Задача Пирата/Осмо — установить контакт с Аденоидом. Положение стабилизировалось, Аденоид заграбастал весь Сент-Джеймс, никаких вам больше памятников архитектуры, правительственные конторы перебазированы, однако столь рассредоточены, что связь между ними весьма прерывиста — почтальонов на пути перехватывают туго-прыщавые сияюще-бежевые щупальца Аденоида, телеграфные провода готовы оборваться по малейшему его капризу. По утрам лорд Болторард Осмо, нацепив котелок и прихватив портфель, обязан свершать каждодневный демарш к Аденоиду. Это отнимает столько времени, что лорд почти забрасывает Новопазарский санджак, и Мининдел встревожен. В тридцатых о политическом равновесии еще пеклись всерьез, все дипломаты полегли с балканозом, шпионы с иностранными гибридными именами сновали по всем базам Оттоманского охвостья, кодированные сообщения на десятке славянских языков татуировались на голых верхних губах, где оперативники отращивали усы, кои сбривали затем лишь авторизованные офицеры-криптографы, а пластические хирурги Фирмы пересаживали кожу поверх… губы эти — палимпсест тайной плоти, исшрамленной и ненатурально белой, по которой все они друг друга узнавали.

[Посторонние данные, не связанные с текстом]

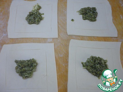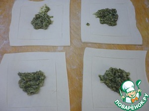 Раскатайте слоеное тесто в пласт примерно 26 х 26 см, разрежьте на 4 равных квадрата и сразу выложите на противен, застеленный бумагой. Потом, с начинкой, сделать это будет проблематично ( не повторяйте моей ошибки:). С помощью ножа, не прорезая (!), а слегка продавливая, обозначьте границы бортиков. На каждый квадрат выложите по 1 ч. л. песто и распределите внутри границ квадрата.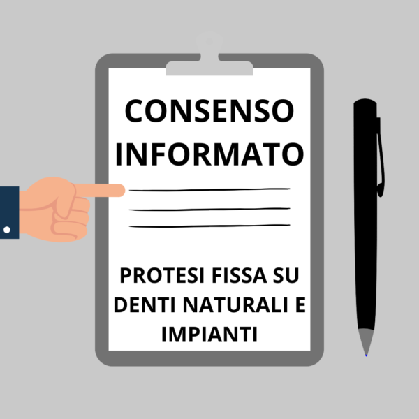 La chiarezza nei dettagli delle procedure di protesi fissa promuove una pratica trasparente e sicura. Il nostro Modello di Consenso Informato offre sicurezza giuridica a entrambe le parti, garantendo che pazienti e professionisti siano pienamente informati e consenzienti.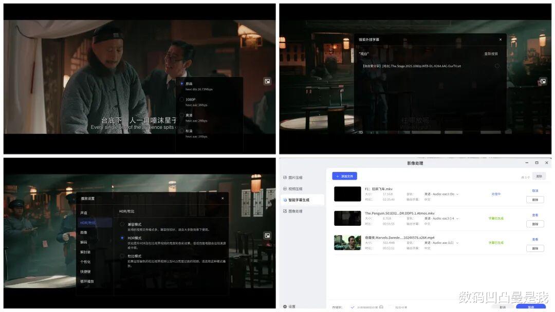 极空间自带的播放器体验也是不一般的好,不仅具备强大的解码能力支持MKV、ISO、BDMV等蓝光原盘格式,还能切换码流、音轨、解码方式等。字幕功能也相当实用,可切换内置字幕、添加本地字幕、在线搜索外挂字幕,搜不到的字幕还能通过影像处理的智能字幕生成功能生成中文字幕,再也不用到处搜索字幕文件了。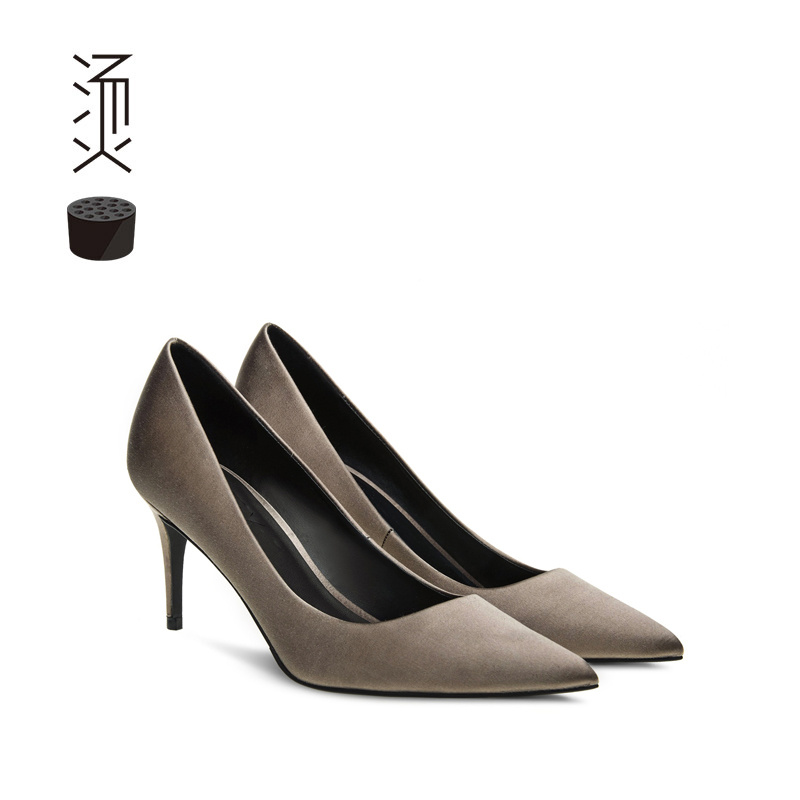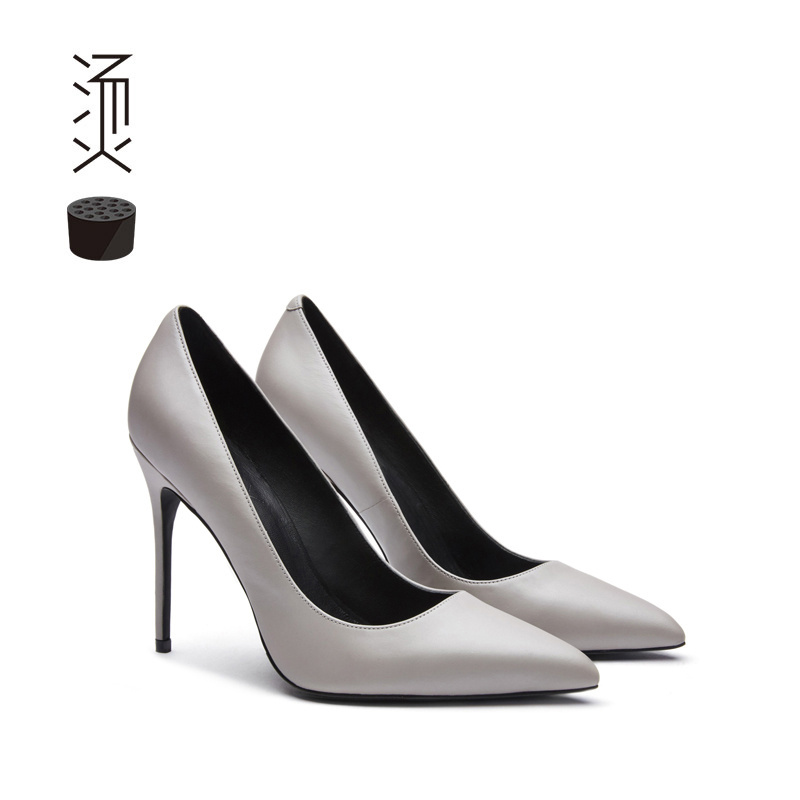 烫社交女鞋时尚简约灰裸色羊猄羊皮尖头高跟鞋细跟宴会浅口单鞋女

Так или иначе, Новопазар оставался croix mystique[3] на ладони Европы, и Мининдел решился в итоге обратиться в Фирму за помощью. Фирма знала, кому поручить.

2 ½ года Пират каждый день отправлялся с визитом к Сент-Джеймсскому Аденоиду. Чуть не сбрендил. Правда, исхитрился разработать пиджин, на котором им с Аденоидом удавалось общаться, но, увы, Пиратово назальное оснащение не позволяло четко артикулировать, и задача была убийственная. Они с Аденоидом шмыгали кто во что горазд, а алиенисты в черных пиджаках о семи пуговицах, почитатели доктора Фрейда, на которых Аденоиду явно было начихать, стояли на стремянках, прислоненных к тошнотворному сероватому боку, гребли новое чудо-снадобье кокаин, корытами посменно таскали белый порошок вверх по лестницам и размазывали его по пульсирующей гигантской железе, по микробным токсинам, что ужасно булькали в его криптах, — и притом совершенно безрезультатно (хотя кто знает, каково было Аденоиду, а?).

Однако лорд Болторард Осмо наконец смог целиком посвятить себя Новопазару. В начале 1939-го Осмо нашли в ванне пудинга из тапиоки в доме Некоей Виконтессы — лорд таинственно задохнулся. Кое-кто разглядел в этом руку Фирмы. Прошли месяцы, началась Вторая мировая война, прошли годы, из Новопазара — ни словечка. Пират Апереткин спас Европу от Балканского Армагеддона, о котором грезили старики, слабея в постелях пред величием оного, — хотя от Второй мировой, конечно, не спас. Но к тому времени Фирма дозволяла Пирату лишь крошечные гомеопатические дозы мира — в самый раз, чтоб не рухнули его бастионы, но не хватит, чтобы его отравить.

□□□□□□□

У Тедди Бомбажа — обеденный перерыв, только обед сегодня — бе-э, раскисший банановый сэндвич в вощанке, который Тедди уложил в стильный вещмешок из кенгуриной шкуры и уместил меж всяко-разных причиндалов — карликовой шпионской фотокамеры, баночки воска для усов, жестянки лакричных, ментоловых и перечных «Пастилок для пасторалей», солнечных очков в золотой оправе а-ля генерал Макартур, отпущенных по рецепту, парных щеток для волос, каждая — в форме пылающего меча ВЕГСЭВ[4], кои маменька заказала ему у «Гаррарда», а Бомбаж полагает изысканными.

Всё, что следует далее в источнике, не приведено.